SOURCE DATA ->
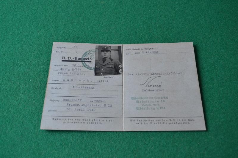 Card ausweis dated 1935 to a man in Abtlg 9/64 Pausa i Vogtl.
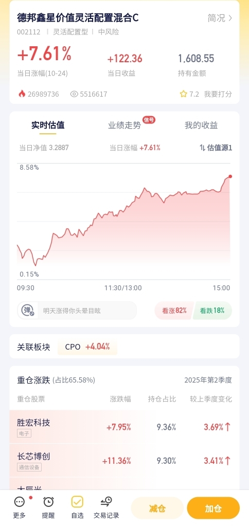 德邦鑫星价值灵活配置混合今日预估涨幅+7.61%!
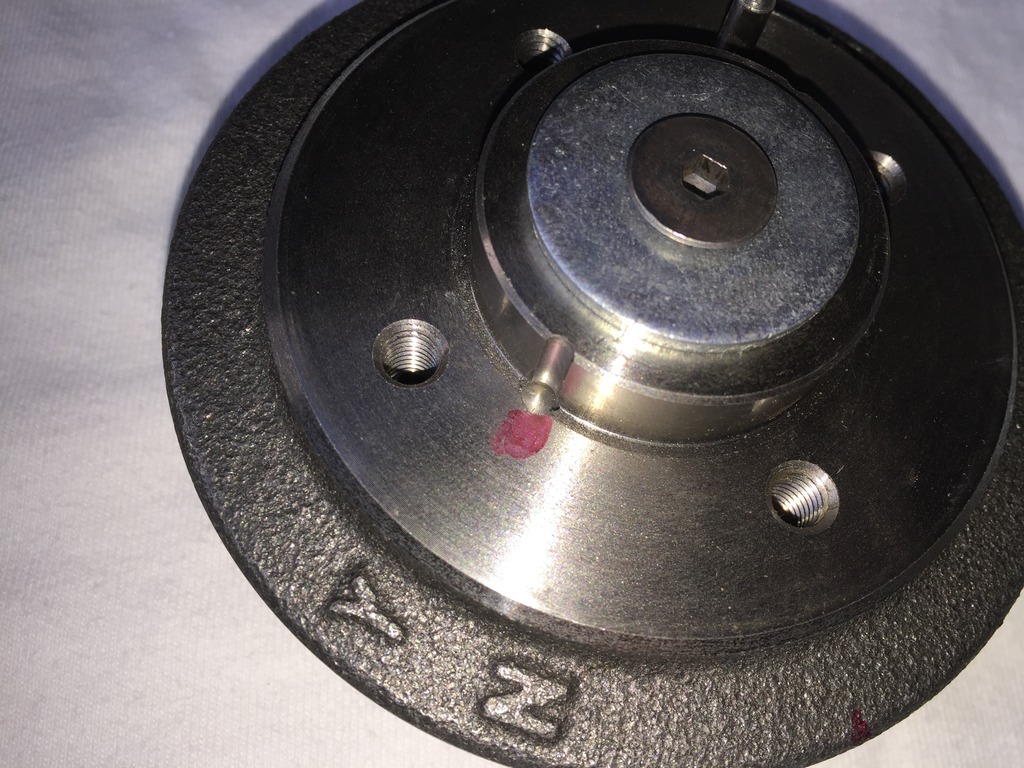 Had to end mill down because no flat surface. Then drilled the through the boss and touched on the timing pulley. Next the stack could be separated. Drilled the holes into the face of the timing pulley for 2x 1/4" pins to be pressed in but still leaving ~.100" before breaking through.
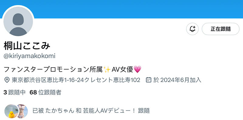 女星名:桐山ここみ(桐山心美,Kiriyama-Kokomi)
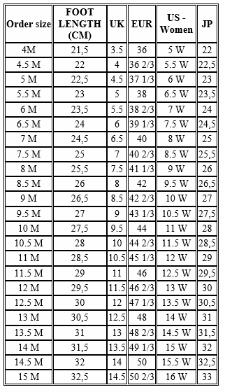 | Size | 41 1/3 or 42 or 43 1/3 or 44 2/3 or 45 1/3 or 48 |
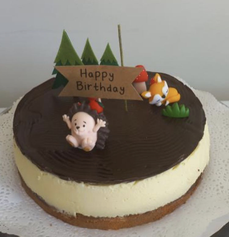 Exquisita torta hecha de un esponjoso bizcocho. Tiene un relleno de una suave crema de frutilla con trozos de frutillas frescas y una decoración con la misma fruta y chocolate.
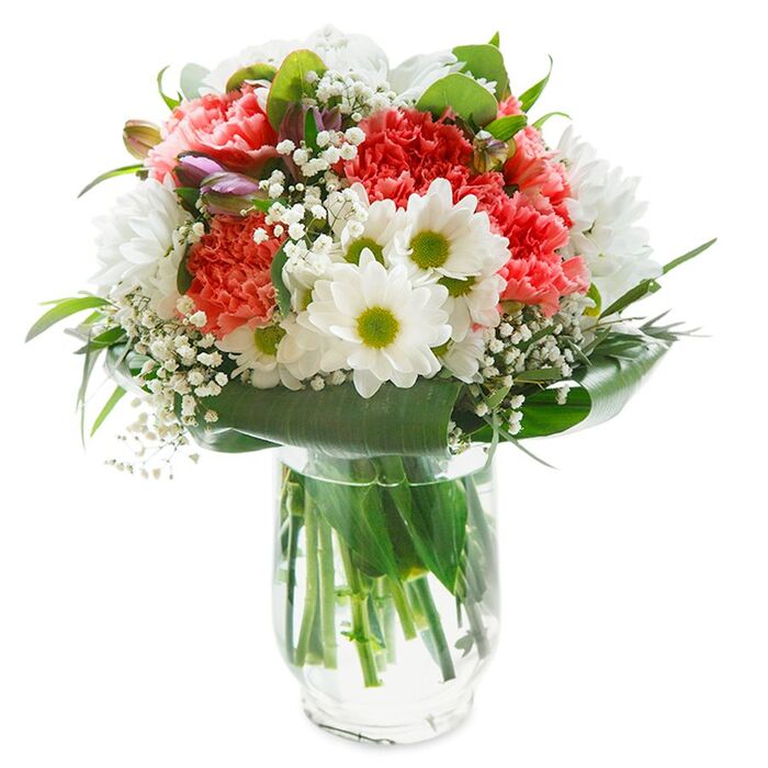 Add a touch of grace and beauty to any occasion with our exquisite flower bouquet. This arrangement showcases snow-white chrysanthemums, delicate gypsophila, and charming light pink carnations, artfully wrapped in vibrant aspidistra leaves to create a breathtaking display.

EXERCISE PROMPT ->
Quote the full listing above word for word; exclude every picture from the copy.

EXERCISE RESPONSE ->
 Card ausweis dated 1935 to a man in Abtlg 9/64 Pausa i Vogtl.
 德邦鑫星价值灵活配置混合今日预估涨幅+7.61%!
 Had to end mill down because no flat surface. Then drilled the through the boss and touched on the timing pulley. Next the stack could be separated. Drilled the holes into the face of the timing pulley for 2x 1/4" pins to be pressed in but still leaving ~.100" before breaking through.
 女星名:桐山ここみ(桐山心美,Kiriyama-Kokomi)
 | Size | 41 1/3 or 42 or 43 1/3 or 44 2/3 or 45 1/3 or 48 |
 Exquisita torta hecha de un esponjoso bizcocho. Tiene un relleno de una suave crema de frutilla con trozos de frutillas frescas y una decoración con la misma fruta y chocolate.
 Add a touch of grace and beauty to any occasion with our exquisite flower bouquet. This arrangement showcases snow-white chrysanthemums, delicate gypsophila, and charming light pink carnations, artfully wrapped in vibrant aspidistra leaves to create a breathtaking display.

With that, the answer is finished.